--- PROBLEM TO SOLVE ---
Among the lines below, output only those between the line holding "4-Piece Modest Burkini" and the line holding "In the target", inclusive, exactly as written and with no pictures.

Records from a data collection
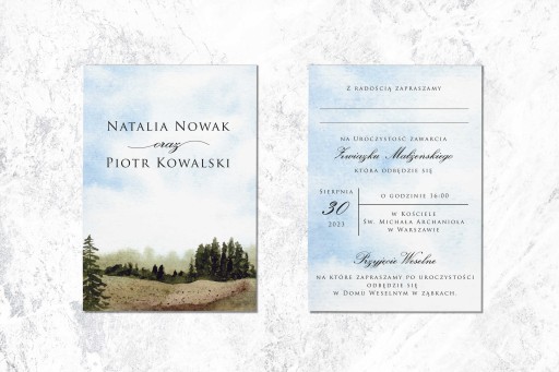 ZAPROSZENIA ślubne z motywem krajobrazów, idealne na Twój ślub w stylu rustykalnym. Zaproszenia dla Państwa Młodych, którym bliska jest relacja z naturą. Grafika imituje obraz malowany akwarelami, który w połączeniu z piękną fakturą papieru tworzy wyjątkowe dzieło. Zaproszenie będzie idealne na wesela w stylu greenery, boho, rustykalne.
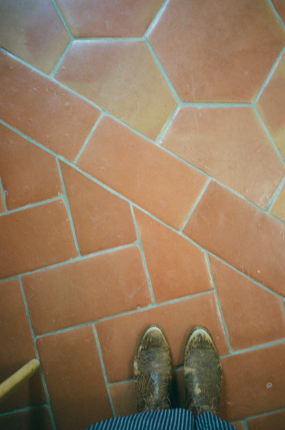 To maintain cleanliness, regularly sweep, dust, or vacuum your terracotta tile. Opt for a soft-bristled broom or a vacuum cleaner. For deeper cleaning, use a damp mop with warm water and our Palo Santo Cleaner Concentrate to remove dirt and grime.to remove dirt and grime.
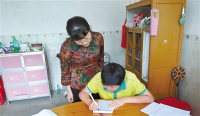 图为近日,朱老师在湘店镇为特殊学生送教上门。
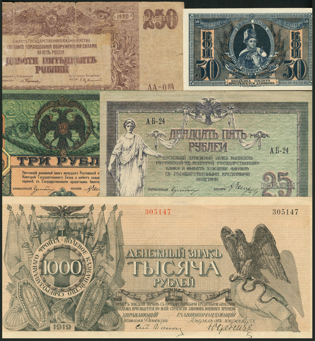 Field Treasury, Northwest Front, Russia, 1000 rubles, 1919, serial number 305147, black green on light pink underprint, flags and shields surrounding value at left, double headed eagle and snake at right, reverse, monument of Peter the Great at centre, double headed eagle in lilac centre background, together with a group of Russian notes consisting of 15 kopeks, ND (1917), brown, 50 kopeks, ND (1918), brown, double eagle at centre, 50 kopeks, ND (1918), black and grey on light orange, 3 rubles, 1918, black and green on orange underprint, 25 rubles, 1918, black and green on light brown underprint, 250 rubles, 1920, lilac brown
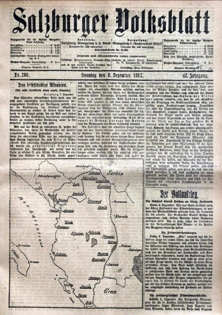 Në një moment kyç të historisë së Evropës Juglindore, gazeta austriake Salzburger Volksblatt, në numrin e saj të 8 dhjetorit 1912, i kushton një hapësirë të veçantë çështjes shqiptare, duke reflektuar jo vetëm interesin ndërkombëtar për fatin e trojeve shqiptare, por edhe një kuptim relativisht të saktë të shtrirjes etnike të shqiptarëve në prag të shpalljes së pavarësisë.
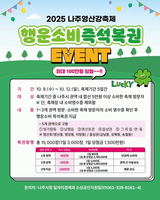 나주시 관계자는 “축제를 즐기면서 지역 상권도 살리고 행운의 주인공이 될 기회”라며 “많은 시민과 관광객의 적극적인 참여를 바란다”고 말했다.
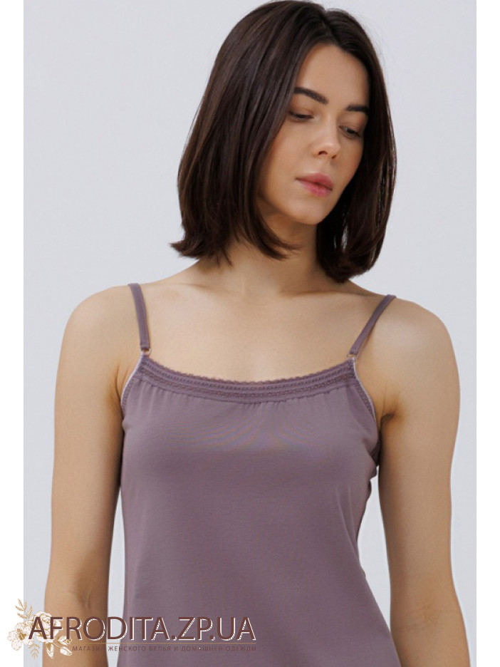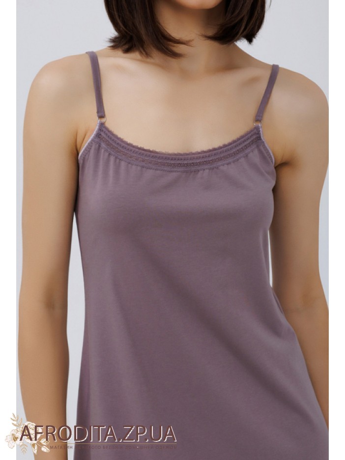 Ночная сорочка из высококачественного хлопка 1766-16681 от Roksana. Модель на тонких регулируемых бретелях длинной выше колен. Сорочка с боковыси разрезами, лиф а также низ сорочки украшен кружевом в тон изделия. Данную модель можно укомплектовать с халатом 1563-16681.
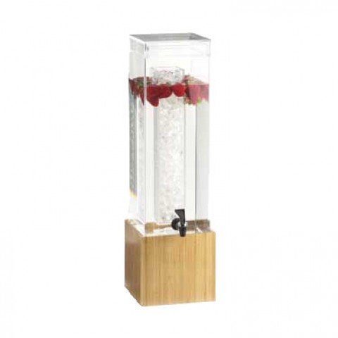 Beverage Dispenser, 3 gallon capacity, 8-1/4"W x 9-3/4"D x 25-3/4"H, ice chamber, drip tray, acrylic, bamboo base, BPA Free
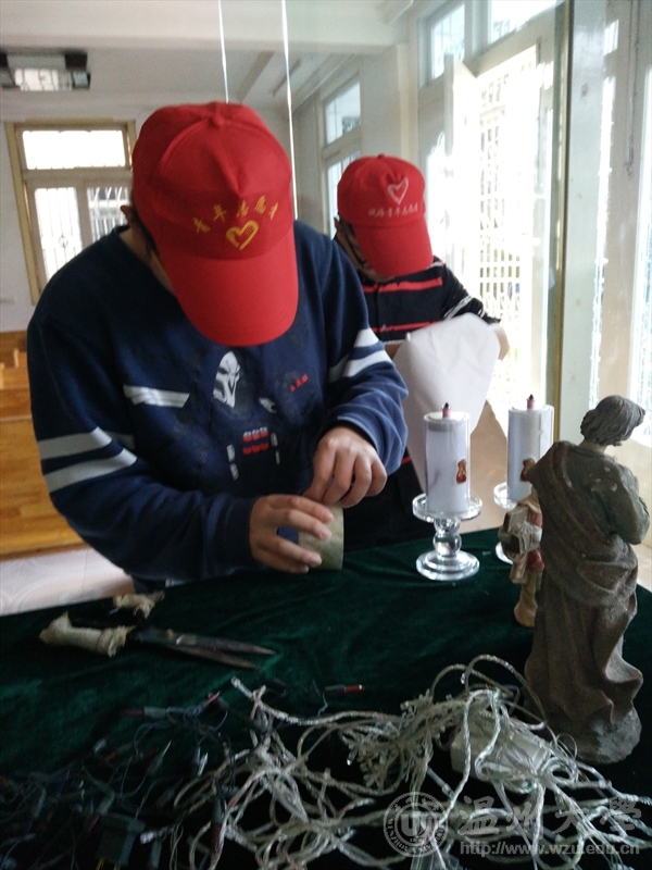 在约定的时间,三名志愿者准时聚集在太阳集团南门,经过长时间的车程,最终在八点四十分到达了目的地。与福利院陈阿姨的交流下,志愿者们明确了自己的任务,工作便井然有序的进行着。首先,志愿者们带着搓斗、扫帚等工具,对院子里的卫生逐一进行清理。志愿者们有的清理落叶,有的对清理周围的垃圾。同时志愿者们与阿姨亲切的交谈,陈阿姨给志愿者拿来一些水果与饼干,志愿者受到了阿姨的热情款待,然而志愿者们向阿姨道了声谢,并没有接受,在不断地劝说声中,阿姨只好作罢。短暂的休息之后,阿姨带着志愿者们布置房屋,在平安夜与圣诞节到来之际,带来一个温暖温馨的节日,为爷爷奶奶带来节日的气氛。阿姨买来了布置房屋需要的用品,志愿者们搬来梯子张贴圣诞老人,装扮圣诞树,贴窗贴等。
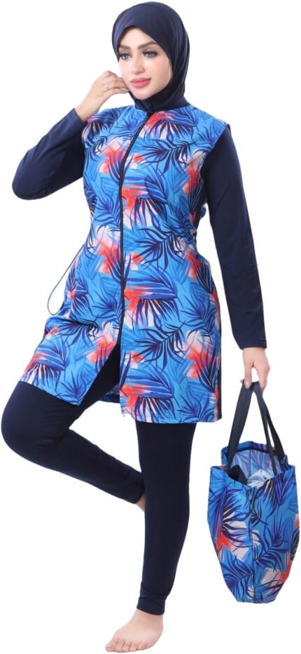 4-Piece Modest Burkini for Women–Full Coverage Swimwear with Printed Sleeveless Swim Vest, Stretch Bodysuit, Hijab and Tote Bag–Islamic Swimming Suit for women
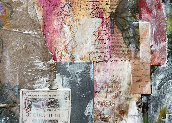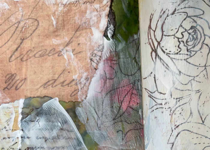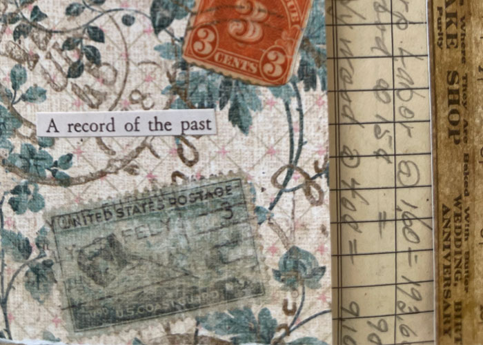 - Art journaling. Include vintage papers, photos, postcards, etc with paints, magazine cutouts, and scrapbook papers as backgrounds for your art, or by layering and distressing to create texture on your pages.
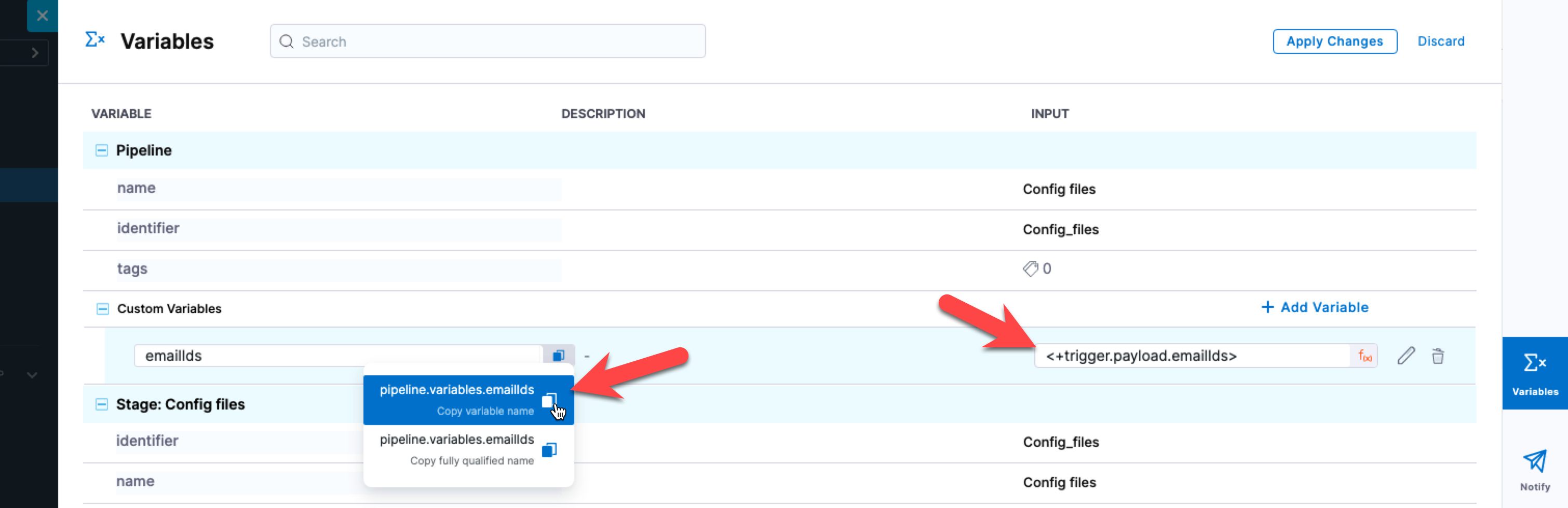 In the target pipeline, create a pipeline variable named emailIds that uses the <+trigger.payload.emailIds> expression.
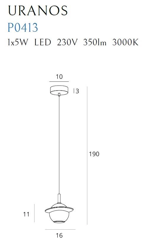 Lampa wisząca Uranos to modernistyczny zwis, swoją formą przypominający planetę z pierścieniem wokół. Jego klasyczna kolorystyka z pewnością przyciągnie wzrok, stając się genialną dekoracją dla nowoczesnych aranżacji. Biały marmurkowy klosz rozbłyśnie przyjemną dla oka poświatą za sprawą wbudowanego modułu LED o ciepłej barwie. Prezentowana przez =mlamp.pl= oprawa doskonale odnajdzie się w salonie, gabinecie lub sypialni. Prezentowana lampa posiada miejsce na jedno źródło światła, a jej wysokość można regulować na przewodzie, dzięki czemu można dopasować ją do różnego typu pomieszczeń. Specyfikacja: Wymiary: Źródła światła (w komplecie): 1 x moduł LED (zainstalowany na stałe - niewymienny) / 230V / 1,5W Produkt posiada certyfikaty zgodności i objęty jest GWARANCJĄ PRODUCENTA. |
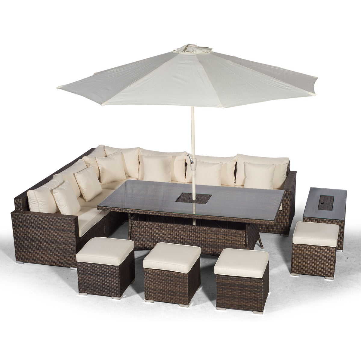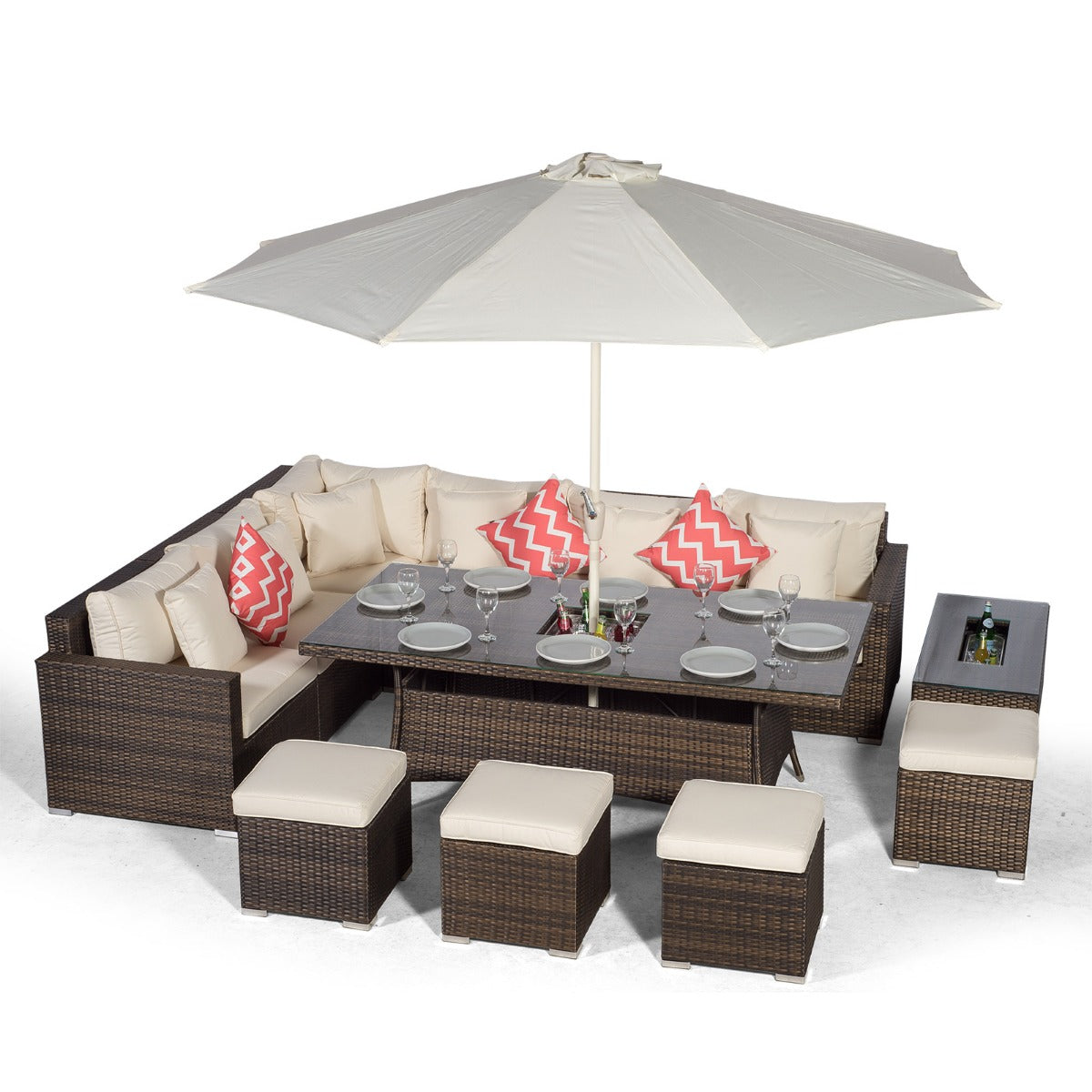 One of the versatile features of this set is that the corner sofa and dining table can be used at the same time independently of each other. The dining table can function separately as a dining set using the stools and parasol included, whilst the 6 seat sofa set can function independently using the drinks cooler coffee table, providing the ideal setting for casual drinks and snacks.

--- SOLUTION FOR THIS TASK ---
 4-Piece Modest Burkini for Women–Full Coverage Swimwear with Printed Sleeveless Swim Vest, Stretch Bodysuit, Hijab and Tote Bag–Islamic Swimming Suit for women
 - Art journaling. Include vintage papers, photos, postcards, etc with paints, magazine cutouts, and scrapbook papers as backgrounds for your art, or by layering and distressing to create texture on your pages.
 In the target pipeline, create a pipeline variable named emailIds that uses the <+trigger.payload.emailIds> expression.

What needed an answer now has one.